Search ReadAllBytes for specific values

I am writing a program that reads '.exe' files and stores their hex values in an array of bytes for comparison with an array containing a series of values. (like a very simple virus scanner)
byte[] buffer = File.ReadAllBytes(currentDirectoryContents[j]);
I have then used BitConverter to create a single string of these values
string hex = BitConverter.ToString(buffer);
The next step is to search this string for a series of values(definitions) and return positive for a match. This is where I am running into problems. My definitions are hex values but created and saved in notepad as defintions.xyz
string[] definitions = File.ReadAllLines(#"C:\definitions.xyz");
I had been trying to read them into a string array and compare the definition elements of the array with string hex
bool[] test = new bool[currentDirectoryContents.Length];
test[j] = hex.Contains(definitions[i]);
This IS a section from a piece of homework, which is why I am not posting my entire code for the program. I had not used C# before last Friday so am most likely making silly mistakes at this point.

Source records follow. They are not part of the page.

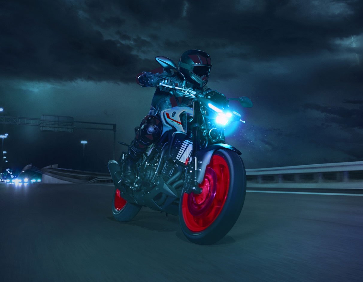 Yamaha's MT bikes are instantly recognizable thanks to their aggressive and powerful design. A sculpted fuel tank cover is designed to fit snugly with the rider, while the lightweight air scoops enhance the look and feel of the mass-forward body design and highlight the dynamic MT family look.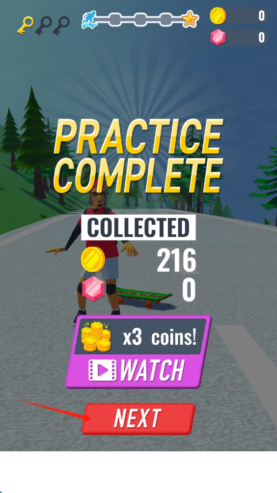 3、完成练习,看到PRACTICE-COMPLETE提示,点击NEXT,进入下一关挑战获得新的成就。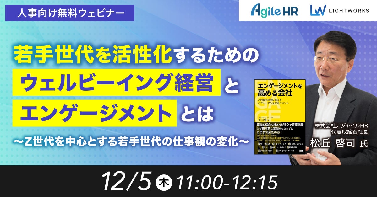 【12/5開催無料ウェビナー】若手世代を活性化するためのウェルビーイング経営とエンゲージメントとは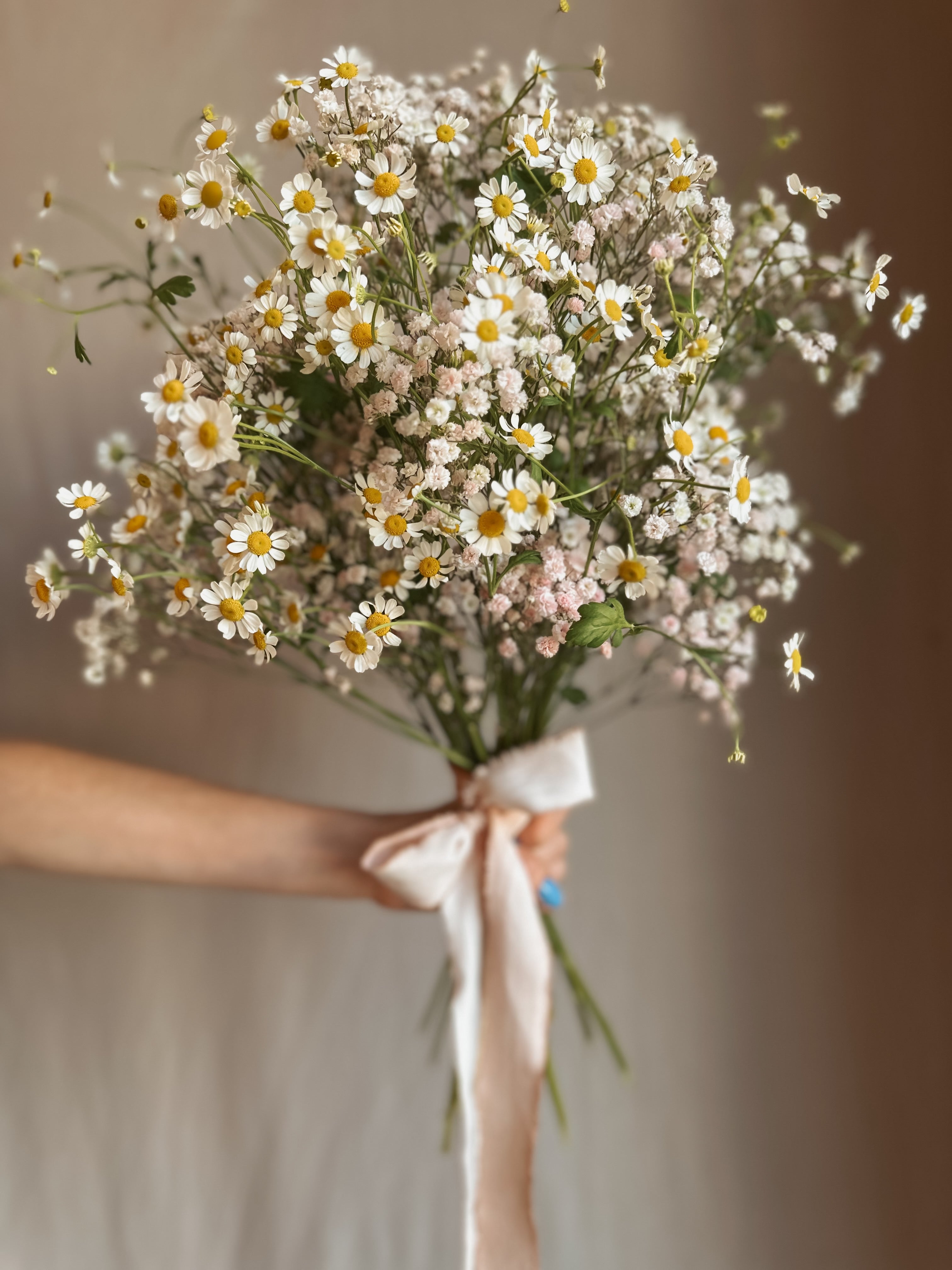 Wie ein Sommertag, der einfach bleibt. Dieser Blumenstrauss aus Kamille und Schleierkraut wirkt leicht und unbeschwert – fast ein bisschen verträumt. Kleine, feine Blüten tanzen durcheinander, weich, luftig, ohne Schwere. Nichts Lautes, sondern Ruhe, Leichtigkeit und ein Hauch von Wiese fürs Zuhause. Frisch gebunden mit saisonalen Blumen und ideal zum Verschenken oder für sich selbst.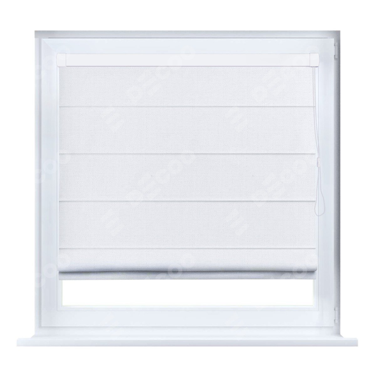 Римская штора кассетного типа, производителя «Cortin», устанавливается только на пластиковые окна и прилегает к стеклопакету, пошита из ткани лён белый, артикул 53430.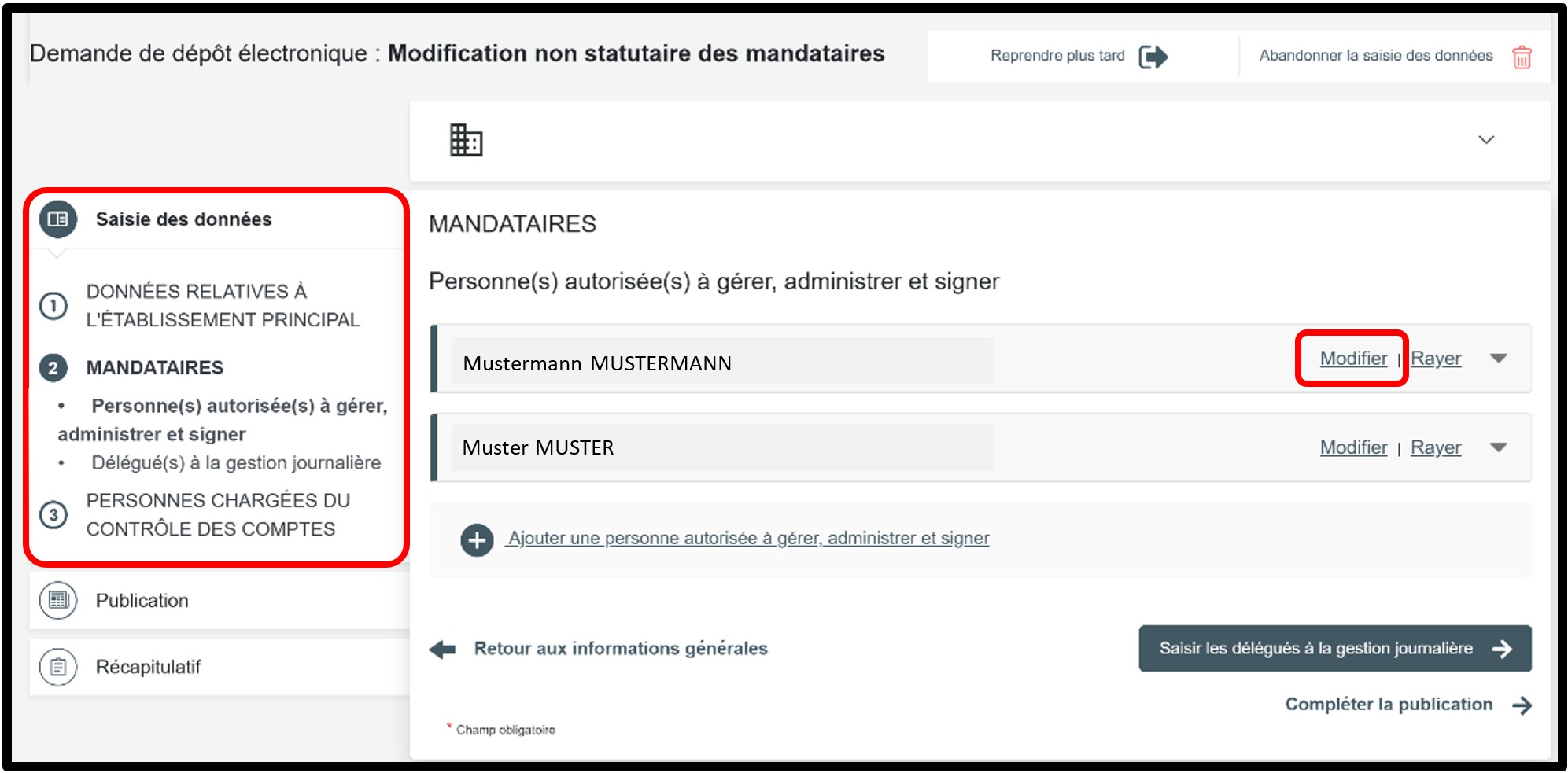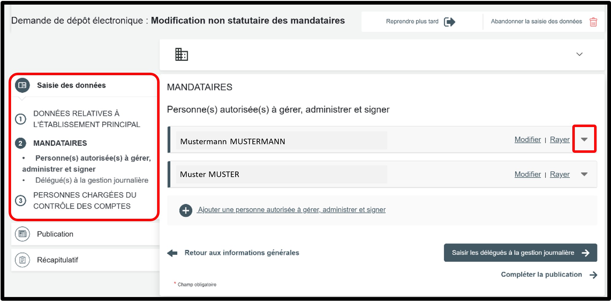 Dans la partie Saisie des données, sélectionnez la rubrique Mandataires pour accéder aux informations à modifier.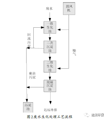 由圖2可知:通過鼓風(fēng)機(jī)曝氣和生物膜的處理方法進(jìn)行二次生化處理,將經(jīng)過處理后的廢水通過污水提升泵輸送到一級(jí)的生化池中,該氣浮在進(jìn)水之前,需要進(jìn)行二次沉淀,與回流的污泥充分的接觸,進(jìn)而形成活性的污泥。污泥與污水混合后,再從曝氣的鼓風(fēng)機(jī)中獲取足夠的氧(必須是溶解氧),進(jìn)行硝化反應(yīng),使混合液中的可溶性有機(jī)物被具有活性的污泥吸附,從而達(dá)到微生物降解的目的,此時(shí)的化學(xué)需氧量(COD)已經(jīng)被去除75%。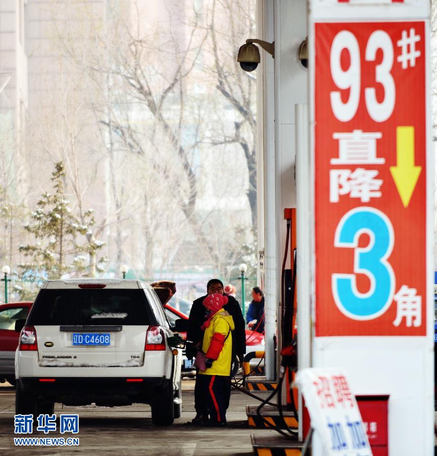 12月12日,在沈阳一家民营加油站打出了93号汽油油价降3角的宣传牌。当日,继11月29日起今年首次上调成品油消费税后,成品油消费税再次提高,但恰逢罕见力度的油价再次下跌,此次调整后国内柴汽油价格仍会下降。财政部、国家税务总局当日联合下发通知,自2014年12月13日起,将汽油、石脑油、溶剂油和润滑油的消费税单位税额每升提高0.28元,由现行每升1.12元提高至1.4元;将柴油、航空煤油和燃料油的消费税单位税额每升提高0.16元,由现行每升0.94元提高至每升1.1元。航空煤油继续暂缓征收。新华社记者 杨青 摄

Any advice much appreciated :)
It is pretty unclear exactly what kind of format you use of the definitions. Base64 is a good encoding for a byte[], you can rapidly convert back and forth with Convert.ToBase64String and Convert.FromBase64String(). But your question suggests the bytes are encoded in hex. Let's assume it looks like "01020304" for a new byte[] { 1, 2, 3, 4}. Then this helper function converts such a string back to a byte[]:
static byte[] Hex2Bytes(string hex) {
if (hex.Length % 2 != 0) throw new ArgumentException();
var retval = new byte[hex.Length / 2];
for (int ix = 0; ix < hex.Length; ix += 2) {
retval[ix / 2] = byte.Parse(hex.Substring(ix, 2), System.Globalization.NumberStyles.HexNumber);
}
return retval;
}
You can now do a fast pattern search with an algorithm like Boyer-Moore.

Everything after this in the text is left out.